STAGE 4 - PRE-CONSTRUCTION APPROVAL
Prior to construction, each concession will meet with the CMR for the purpose of providing the concessionaire with general airport construction guidelines. Examples of these guidelines are locations and times for pick-ups, deliveries, refuse disposal, elevator usage, and badging.
Following the operations meeting, the CMR will schedule a pre-construction meeting with CDA. Prior to the meeting, the General Contractor for the project will submit all documents, permits and approvals to CDA for review. Construction may begin following approval at the pre-construction meeting.
STAGE 5 - CONSTRUCTION
After the contract is finalized, each concessionaire has a specified period to commence and complete construction based on approved design and construction specifications. During this period each concessionaire has the responsibility to expeditiously begin and obtain all necessary approvals, licenses, insurances, etc. Each concessionaire should maintain communication with the CMR during the process to ensure that all construction and licensing requirements are addressed in a timely fashion. It is important that the concession be open to the public within the time parameters specified in the Agreement.
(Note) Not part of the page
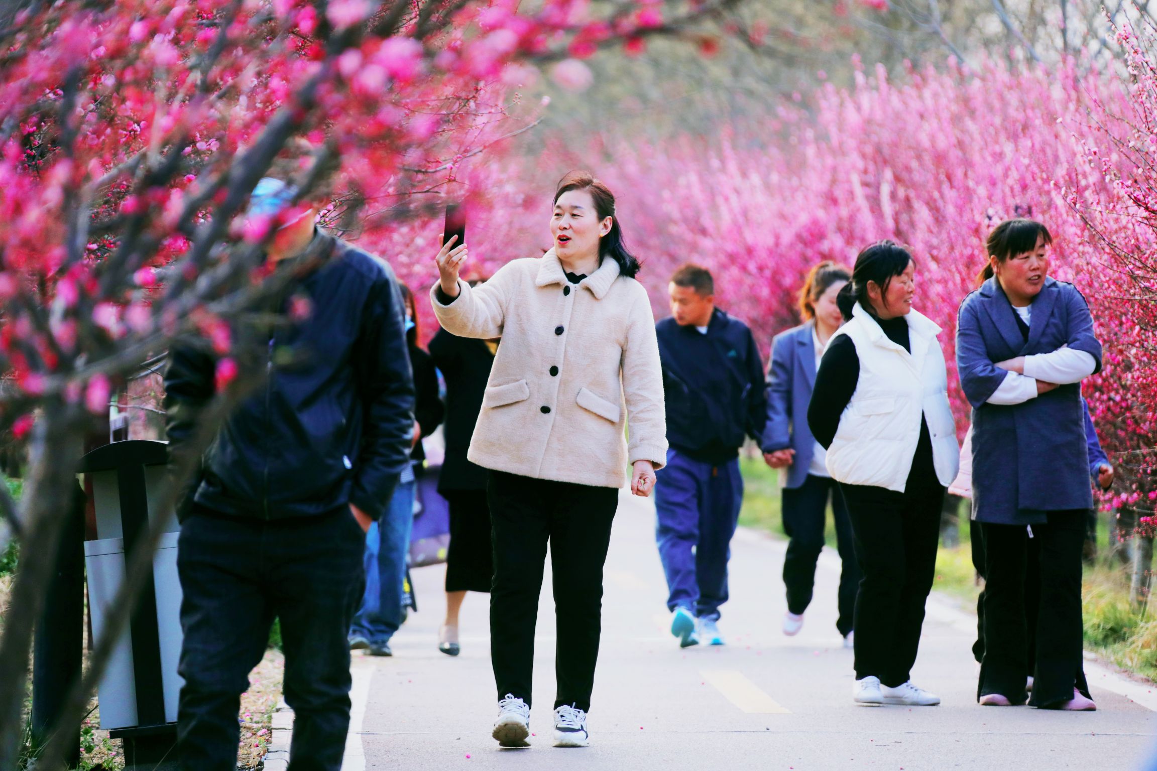 連日來,長(zhǎng)達(dá)十里的桃花長(zhǎng)廊,每天吸引著眾多市民前來踏青賞花、拍照留念。人們?cè)谫p花的同時(shí),陶冶了心情,鍛煉了身體,收獲了愉悅。①2

KEY ELEMENTS OF THE MONITORING PROGRAM:
The Concessions Monitoring Program consists of three primary elements: operations reviews, audits and pricing reports. Operations reviews will be conducted on an ongoing basis by the CMR. The operations review form in Appendix 2 will provide a frame work for this component of the Monitoring Program.
Financial and compliance audits will be conducted on an annual and periodic basis, respectively. Financial audits will review all financial, bonding and insurance related requirements.
As specified in the Agreement, each concession shall submit an annual pricing report.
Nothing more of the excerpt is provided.